After the simulator is reset, it may be reused to run the simulation again.

Note

Resetting the simulator can also be used to amortize the startup cost of repeatedly simulating a large design.

Parameters:

toplevel (Elaboratable) – Simulated design.

add_clock(period, *, phase=None, domain='sync', if_exists=False)

Add a clock to the simulation.

Adds a stimulus that toggles the clock signal of domain at a 50% duty cycle.

The driven clock signal will toggle every half-period seconds starting at phase seconds after the beginning of the simulation; if not specified, phase defaults to half-period to avoid coinciding the first active edge with the beginning of the simulation.

The clock domain to drive is selected by the domain argument, which may be a ClockDomain object or a str. If it is a string, the clock domain with that name is retrieved from the toplevel elaboratable.

Raises:
  • NameError – If domain is a str, the toplevel elaboratable does not have a clock domain with that name, and if_exists is False.

  • DriverConflict – If domain already has a clock driving it.

  • RuntimeError – If the simulation has been advanced since its creation or last reset.

add_testbench(constructor, *, background=False)

Add a testbench to the simulation.

Adds a testbench that runs concurrently with the toplevel elaboratable and is able to manipulate its inputs, outputs, and state.

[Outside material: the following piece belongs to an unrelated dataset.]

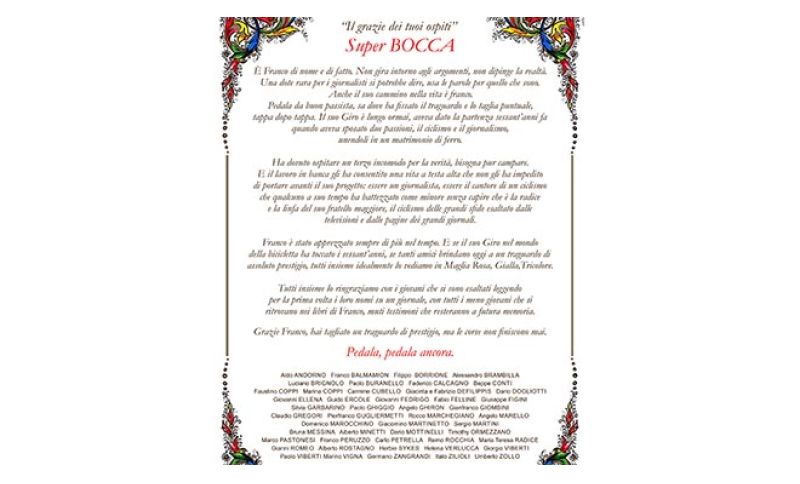 Al raduno conviviale hanno partecipato numerosi amici e colleghi di Franco Bocca, nonché parecchi pedalatori di varie epoche, capeggiati dalle due “icone” del ciclismo piemontese Franco Balmamion e Italo Zilioli. Tutti i presenti, al microfono di un Sandro Brambilla in inedita versione “light sprint”, hanno proposto rapidi aneddoti e ricordi assortiti legati alla loro frequentazione con il festeggiato.

The behavior of the testbench is defined by its constructor function, which is an async function that takes a single argument, the SimulatorContext:

async def testbench(ctx):
    ...
    await ctx.tick()
    ...

sim.add_testbench(testbench)

This method does not accept coroutines. Rather, the provided constructor coroutine function is called immediately when the testbench is added to create a coroutine, as well as by the reset() method.

The testbench can be critical (the default) or background (if the background=True argument is specified). The run() method will continue advancing the simulation while any critical testbenches or processes are running, and will exit when only background testbenches or processes remain. A background testbench can temporarily become critical using the critical() context manager.

At each point in time, all of the non-waiting testbenches are executed in the order in which they were added. If two testbenches share state, or must manipulate the design in a coordinated way, they may rely on this execution order for correctness.

Raises:

RuntimeError – If the simulation has been advanced since its creation or last reset.

add_process(process)

Add a process to the simulation.

Adds a process that is evaluated as a part of the toplevel elaboratable and is able to replace circuits with Python code.

The behavior of the process is defined by its constructor function, which is an async function that takes a single argument, the SimulatorContext:

async def process(ctx):
    async for clk_edge, rst, ... in ctx.tick().sample(...):
        ...

sim.add_process(process)

This method does not accept coroutines. Rather, the provided constructor coroutine function is called immediately when the procss is added to create a coroutine, as well as by the reset() method.

Processes can be critical or background, and are always background when added. The run() method will continue advancing the simulation while any critical testbenches or processes are running, and will exit when only background testbenches or processes remain. A background process can temporarily become critical using the critical() context manager.

At each point in time, all of the non-waiting processes are executed in an arbitrary order that may be different between individual simulation runs.

Warning

If two processes share state, they must do so in a way that does not rely on a particular order of execution for correctness.

Preferably, the shared state would be stored in Signals (even if it is not intended to be a part of a circuit), with access to it synchronized using await ctx.tick().sample(...). Such state is visible in a waveform viewer, simplifying debugging.

Raises:

RuntimeError – If the simulation has been advanced since its creation or last reset.

run()

Run the simulation indefinitely.

This method advances the simulation while any critical testbenches or processes continue executing. It is equivalent to:

while self.advance():
    pass
run_until(deadline)

Run the simulation until a specific point in time.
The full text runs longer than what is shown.